私が従事するSEとしての仕事は親会社の損害保険の事業を支援するシステム開発です。現場の事務や保険商品の約款・規定をよく理解してシステム実装の実現性を提案しながらユーザーが求めるシステム開発を実施していくのが使命です。

この仕事は人のニーズの上に成り立っているため、システムの専門的知識だけでは行き詰まります。システムは手段に過ぎません。現場の生産性を高め、利用者のニーズを満たせるシステムを提供するために、膨大なコミュニケーションを取り調整を重ねていくことが大変です。何度も見直しのプロセスを経て完成に漕ぎつけるまで長時間労働を余儀なくされることもあります。

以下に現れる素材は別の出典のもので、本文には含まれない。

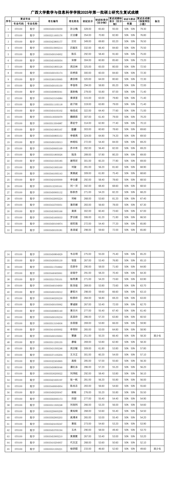 广西大学太阳集团2138网址,2138cc太阳集团官网入口2025年第一批硕士研究生复试成绩结果公示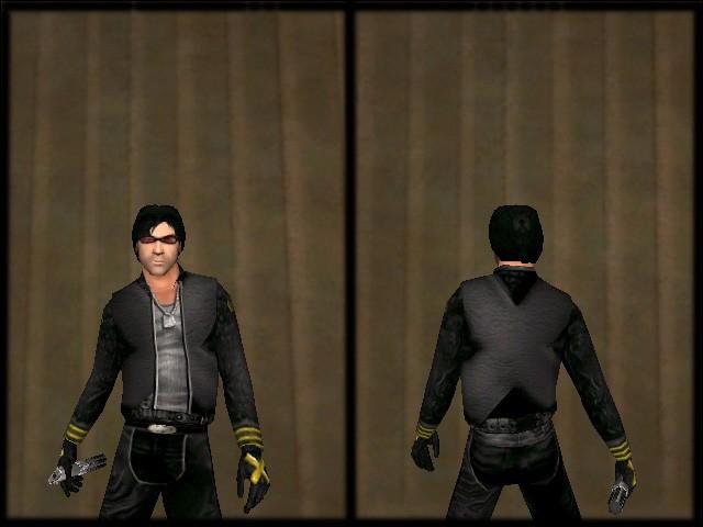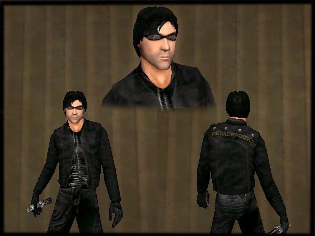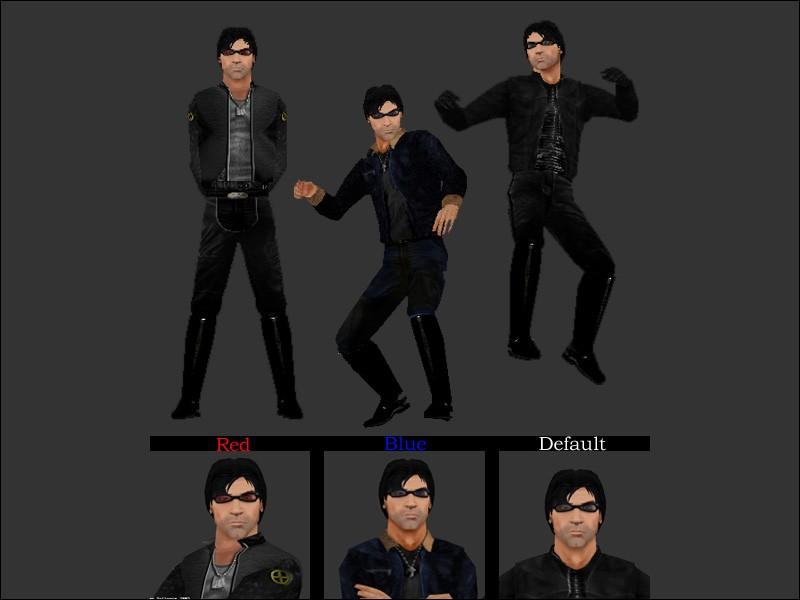 Default: A sort of Matrix Neo-esque style skin with and insignia on the

しかし、この仕事は顧客の業務にも精通するチャンスが有り、システム開発のための論理的思考力が養われ、やりがいを感じられます。辛いことも多々ありますが、この仕事を選択して良かったと思います。

50代SEの体験談

プロジェクト完成の喜びをかみしめるSE

業務システムのSE

こたろう(52歳)


私は20年以上の間、自治体の業務システムのSEとして働いてきました。SEの仕事は長時間勤務の多い過酷な仕事です。

通常の勤務時間は9:00~17:20ですが、17:20の定時で帰れることはまず少ないです。忙しい時期には毎日終電になることが2~3ヵ月間続くこともザラですし、残業が100時間を超えることもあります。

仕事内容は顧客の要件を設計書にまとめ、作成した設計書を基にプログラムを作成し、更に作成したプログラムをテストし、合格すれば顧客に納品する事です。

大変なのは、テレビの様な形のある製品と違い、ソフトウェアは形がなく自由に変更ができる為、顧客の要求に応えると、その分システムが複雑になり、不具合(BUG)が混入してしまい、仕様と違う動きをしてしまう事です。そのBUGを発見する為に、長時間をかけて、たくさんケースのテストをするのですが、これが大変です。納品した後、BUGで障害が発生すると窓口で受け付けられない、飛行機が飛ばない等の社会的に大きな影響が出ます。

その分大変ですが、成功すると社会に大きな貢献ができることは自分にとって大きな誇りとなります。

SEの仕事内容はさまざまなスキルの向上につながる

SEの仕事内容をこなすには日々の勉強が不可欠です。システム開発における専門的な知識はもちろんのこと、チームとして働く上での強調性も磨かれます。
過酷な仕事ではあるものの、自身の成長につながる仕事でもあることは間違いありません。SEという仕事が具体的にどういうものなのかよくわからないという方は、自分の働き方を見つめ直す際に今回ご紹介した体験談をぜひ参考にしてみてください。